Bism-illah irahman nirahim

In the name of Allah, the beneficent and most merciful

Ramadan: the time of prayer, reflection and divine forgiveness.

This month is a mirror that shows us the reflection of how we should be living compared to how we actually do. Men are resolved to keeping beards and many women go through virtual makeovers as the make-up kits, hair dryers and so-called ‘fashionable’ clothes take a well earned break. The hijab is taken out of the closet, the cobwebs are shaken of it and it is this humble cloth that is the flavour of the month until the next Ramadan comes around.

When I was going to university, I had a friend whom like so many of us British Muslims liked to dress in western clothing and at one of our oft held aftaris, claimed quite boastfully that during Ramadan, she went to her lectures without makeup and she always covered her legs. Well sister, I want to ask you and so many more of you out there that why are those legs on display in the first place?  Ramadan is not similar to the Christian month of Lent in which Christians sacrifice one of their pleasures such as chocolate for a period of forty days to seek the pleasure of God and to show him what a grand gesture and sacrifice this is. We can not “mark” this holy month by donning the mask of virtue with these hopeless hoaxes. Islam demands that we seek the pleasure of Allah (swt) by praying five times of a day the whole year round not just during this holy month. Our great religion asks that its faithful shows gestures and sacrifices every day of the year, which do not have to be grand but the day that any girl decides that her jeans or skirt is too revealing and that skirt, no matter how coveted is thrown to the scarp heap, that young lady will have made the gesture that truly pleases Allah (swt).

It is very amusing to see how during this wonderful month, all the pop stars churn out Hamds and Naats - religious poetry, and all the sleeveless shirts of the Pakistani actresses give way to scarves, even if they are arranged in such a way as to not to ruin the carefully made up hair styles. The Asian television channels as a whole have a resounding “Allah Hoo” to it. However once the month is over, the “Allah Hoo” turns into “I love you” and Muslims as a whole jump back onto the bandwagon of love triangles and over exposure. Why this hypocrisy?

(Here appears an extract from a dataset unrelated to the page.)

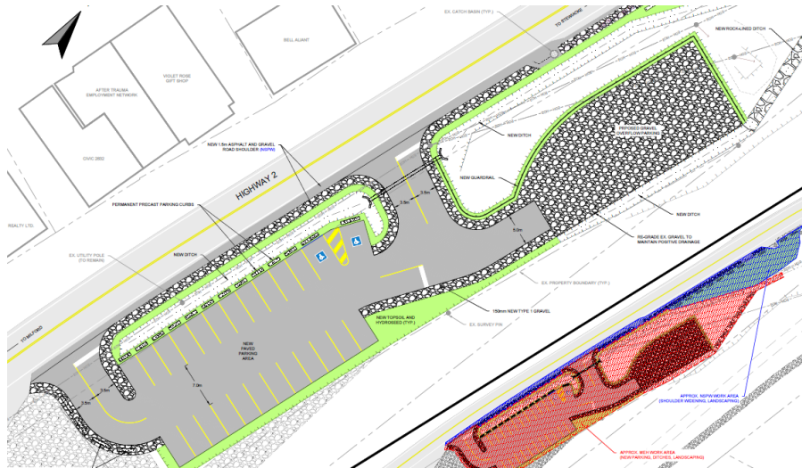
Shubenacadie Parking - Concept Plan - December 2024

In May 2025, the cenotaph was relocated to the front of the Shubenacadie Legion. In July, community members requested to present to Council as the group wanted to return the monument to its original location. The presentation was received at the July 23, 2025, Regular Meeting of Council.

We may not be able to change what is on our television sets but we can change what is within. Why can’t that beard or hijab stay in place? We know what is right because we instinctively follow it during Ramadan – the diligent reading of Salaat, the utterances of the Qur’an, the simplicity of dress, the lack of showmanship, so why after the Eid festival is there a feeling that the ‘difficult’ or ‘religious’ time is over, and we can go back to how we were. I am not saying that makeup or looking nice is wrong, as Islam is based on hygiene and cleanliness but there is no place for exposure of the skin or hair. We make an effort during Ramadan but turn back to the tight jeans and revealing clothes. Even the scarf - dupatta if used correctly is fashionable and modest, but sadly spends most of its time thrown over the shoulders to hide precisely- nothing.

It could and should be so different. Islam is the most modern of religions giving women unprecedented rights but it does not give women the right to flaunt themselves unnecessarily. Looking good and fashionable is one thing, which can have a place within the Muslim lifestyle but following the wrong fashion which exposes oneself in the incorrect way should be outlawed- Ramadan and beyond. We should follow a lifestyle regardless of the date and month. It is true that some days are holier than others and one makes a special effort to pray more during those days. Prayer can be increased but virtue and modesty should remain the same. There should be no need to cosmetically improve ones modesty or dress to mark certain days- that should be our lifestyle not merely a symbol.

Ramadan is a month of prayer, reflection and divine forgiveness- it is not the time for makeovers and false pretences.